Mohon tunggu...
Agnia Melianasari
Agnia Melianasari Mohon Tunggu... Lainnya - Manusia pembelajar

-Writer -Speaker -Voice Over -MC, Moderator -Young Entrepreneur

Selanjutnya

Tutup

Ilmu Alam & Tekno

Masih tentang Pandemi, Ini Dia Penyebab Masyarakat Percaya Bahwa Covid-19 adalah Konspirasi

20 Maret 2021   15:02 Diperbarui: 20 Maret 2021   15:06 180
+
Laporkan Konten
Laporkan Akun
Kompasiana adalah platform blog. Konten ini menjadi tanggung jawab bloger dan tidak mewakili pandangan redaksi Kompas.
Lihat foto
Ilmu Alam dan Teknologi. Sumber ilustrasi: PEXELS/Anthony

Berbicara mengenai konspirasi, menurut Kamus Besar Bahasa Indonesia, konspirasi mempunyai arti persengkokolan atau komplotan orang dalam merencankan sebuah kejahatan yang dilakukan dengan rapi dan sangat dirahasiakan.
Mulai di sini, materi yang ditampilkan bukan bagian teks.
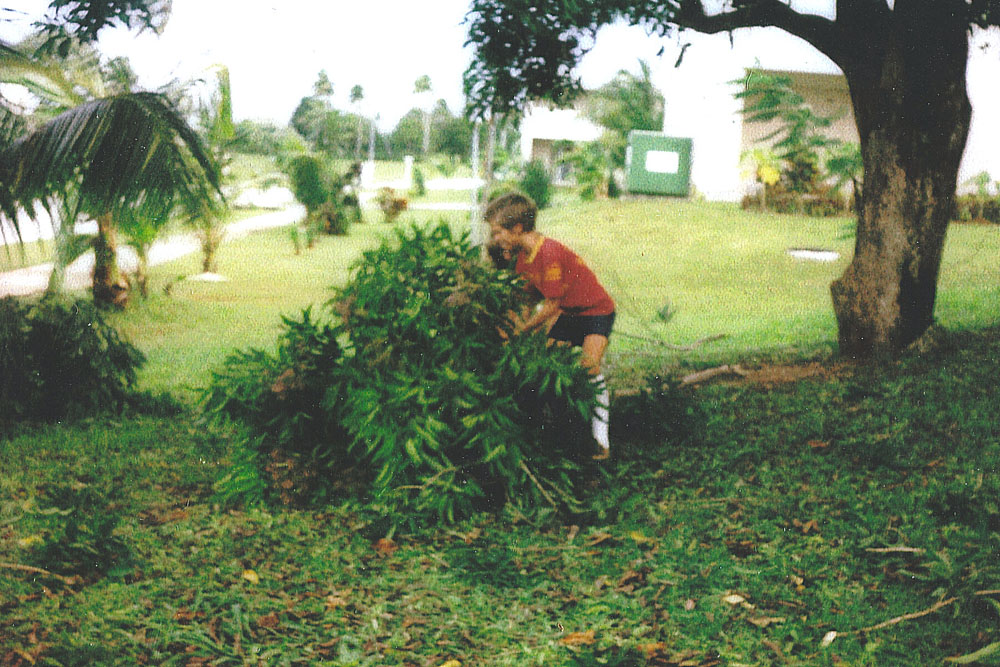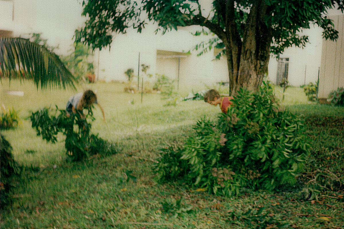 By my count a total of sixty-two typhoons (known as hurricanes on the East Coast) raged through the western Pacific during our four years on Guam. A few of those achieved "Super Typhoon" status, meaning their winds exceeded 150 mph. The typhoon season generally ran from June-December and about four months after we arrived on Guam we braced for the northward moving Category 2 Typhoon Phyllis in mid-October 1978. Phyllis swung to the west but right on her heels approached Category 5 Super Typhoon Rita from the east. She formed near the Marshall Islands on Octber 15 and while moving westward soon achieved Super Typhoon status. Her winds tipped the scales at 180mph! As predicted by experts, she took a track to the south of Guam and passed by on October 24. Despite avoiding a direct hit small island still endured quite a beating. We were without power for a few days and many of the roads were impassable. Unfortunately, Rita continued west and ripped across Luzon in the Philippines killing over 400 people. We were lucky with Rita. Two years before we arrived Super Typhoon Pamela devastated Guam in May 1976. In the years after we departed Super Typhoon Omar, in August 1992, and Super Typhoon Paka, in December 1997, wrought similar havoc. Paka had gusts recorded at 236mph! Miraculously, no one was killed on Guam by Paka, but the island experienced widespread destruction and suffered a complete loss of power. Paka was so powerful that her name has since been retired. Below are a few photos taken in the days after Rita made her presence known. The large tree on the side of our house took a beating and we are cleaning up the mess. |

Sifatnya yang rahasia menyebabkan ketidakmampuan menjawab atau membuktikan, sehingga inilah yang disebut dengan teori konspirasi. Berdasarkan hasil riset pada tahun 2017 yang ditayangkan di Social and Psychiatric Epidemiology menyatakan bahwa rata-rata orang di Amerika Serikat dengan pendapatan rumah tangga lebih kecil, mereka lebih mempercayai adanya teori konspirasi dibandingkan mereka yang memilki pendapatan lebih besar. Disamping itu, Profesor Chris French, seorang psikolog dari Universitas Goldsmith, London justru mengemukakan pendapat yang berbeda. Ia mengatakan bahwa teori konspirasi dapat dipercaya siapapun, dengan dimensi politik apa saja (kiri, kanan, maupun tengah), juga menembus lapisan kelompok sosial mana saja.

Berkaitan dengan teori konspirasi, saat ini pandemi covid-19 masih menjadi perbincangan di berbagai lapisan masyakarat. Berangkat dari kasus Jerinx, drummer dari band Superman Is Dead yang ramai pada pertengahan tahun 2020 kemarin, pandemi Covid-19 saat ini memang masih menjadi kontroversi di Indonesia, terutama di kalangan masyarakat dengan latar belakang ekonomi menengah kebawah. Ya, mereka menganggap ini semua hanyalah konspirasi. Jerinx sendiri sempat ditangkap karena dianggap menganggu kestabilitasan pelaksanaan edukasi protokol kesehatan di Bali. Sebab ia menyebutkan bahwa virus corona yang menyebar saat ini hanyalah sebuah konspirasi. Padahal, jika memang penyebab ditangkapnya Jerinx ini dikarenakan adanya pihak tertentu yang merasa 'tersinggung', untuk apa? Jika memang begitu kenyataannya, tidak menutup kemungian dimana penjara hanya dipenuhi oleh orang-orang yang bersinggungan. Terkait persoalan Jerinx ditangkap maupun tidak, toh pada kenyataannya sampai saat ini jumlah kasus covid-19 di Indonesia terus bertambah. Menurut Dedy Corbuzier, dalam podcastnya bersama dr. Tirta, Ia menyebutkan bahwa orang seperti Jerinx ini tidak seharusnya ditangkap ataupun dipenjara, melainkan harus dibina karena ia memiliki vocal yang bagus. Dalam kondisi seperti ini, masyarakat memerlukan seorang public figur yang dapat mengangkat suara-suara masyarakat.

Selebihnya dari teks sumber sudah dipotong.